# Pineapple Weed



## rwc1969 (Jul 13, 2009)

I saw a video a while back and the gentleman was making Pineappleweed tea. As soon as he showed the petalless flowers I knew what the plant was, as I remembered it from my youth.

That was about 1 year ago and I finally found the plant, being so small it's kind of hard to spot. But, it makes a great tea, calming, refreshing and soothing.

:beercheer:


----------



## gypsysue (Mar 27, 2010)

It does indeed make a good tea! 

Some of it, on gravel paths around our yard, doesn't get very big, but the stuff that comes up on the dirt paths in my garden get pretty big along the edges. It also does good on the sides of the dirt road we live on.

Smells and tastes like Chamomile!


----------



## rwc1969 (Jul 13, 2009)

The plants I picked from were about 6" tall, but my Mom said they get bigger, she yanked a bunch up last year because it was taking over her flowerbed.


----------



## brucehylton (Nov 6, 2010)

rwc1969 said:


> The plants I picked from were about 6" tall, but my Mom said they get bigger, she yanked a bunch up last year because it was taking over her flowerbed.

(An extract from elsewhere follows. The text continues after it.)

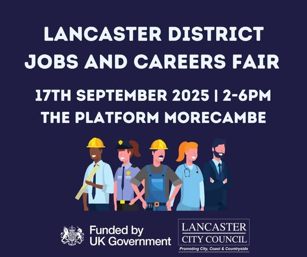 Are you looking for a new career or to develop your professional skills?🎓 Join us at the Lancaster District Jobs and Careers Fair at The Platform in Morecambe on Wednesday, September 17 from 2pm to 6pm. There’s something for everyone as employers and skills providers from a wide range of industries will be attending, including: health, environment, military, leisure, logistics, retail, technology, and sustainable energy. To book your free ticket and learn what organisations will be present, please visit: https://loom.ly/Nf43_cw #jobs #careers #lancaster #morecambe (fb)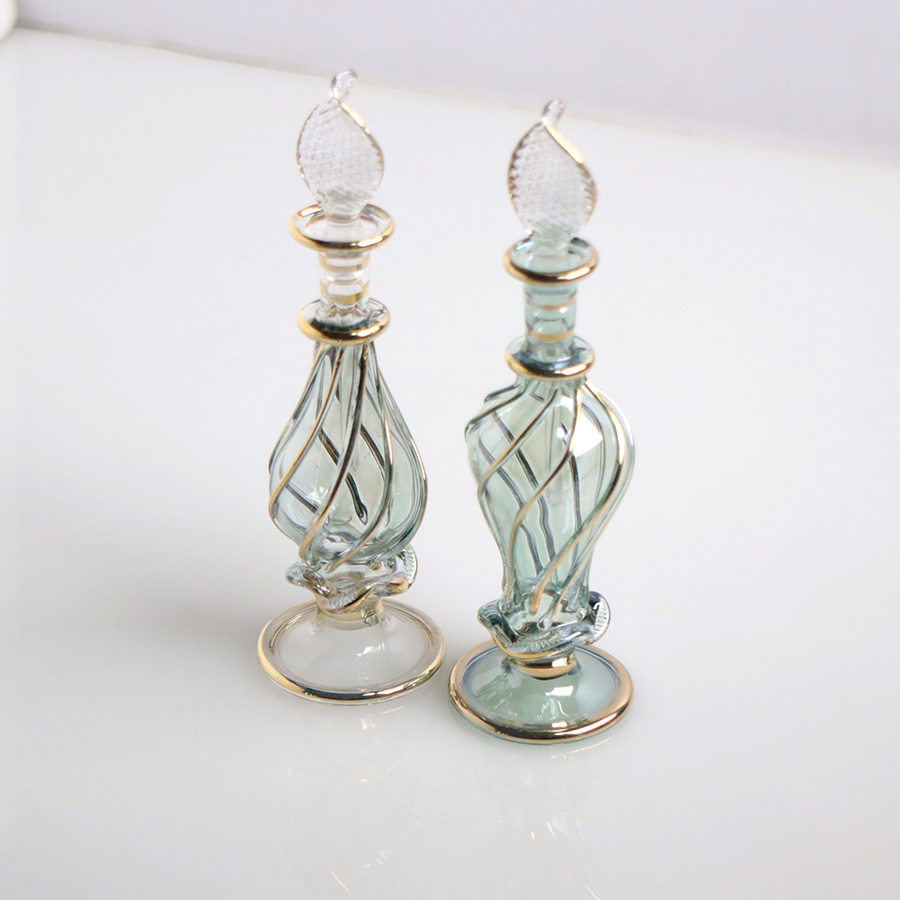 エジプト ガラス香水瓶 11cm 2本セット ゴールドライン ファラオ Egyptian Glass Bottle

I believe that is because it is Chamomile.


----------



## brucehylton (Nov 6, 2010)

gypsysue said:


> It does indeed make a good tea!
> 
> Some of it, on gravel paths around our yard, doesn't get very big, but the stuff that comes up on the dirt paths in my garden get pretty big along the edges. It also does good on the sides of the dirt road we live on.
> 
> Smells and tastes like Chamomile!


I got the wrong Quote the first time.


----------



## TheAnt (Jun 7, 2011)

Is this like "Pineapple Express"? Hrmmmmmm :lolsmash:


----------



## TechAdmin (Oct 1, 2008)

I'll keep my eyes open, I don't think it's down here.


----------



## gypsysue (Mar 27, 2010)

Pineapple Weed is NOT chamomile! The flowers of Chamomile open and have white petals. The flowers of pineapple weed don't open. You have just the yellowish center, the "ball" on top of the plant.

They are from the same family though.


----------



## rwc1969 (Jul 13, 2009)

Austin said:


> I'll keep my eyes open, I don't think it's down here.


Name Search Results | USDA PLANTS shows it as being in all but 4 states, Texas being one of the four. That doesn't mean it can't be found there though, just unlikely.


----------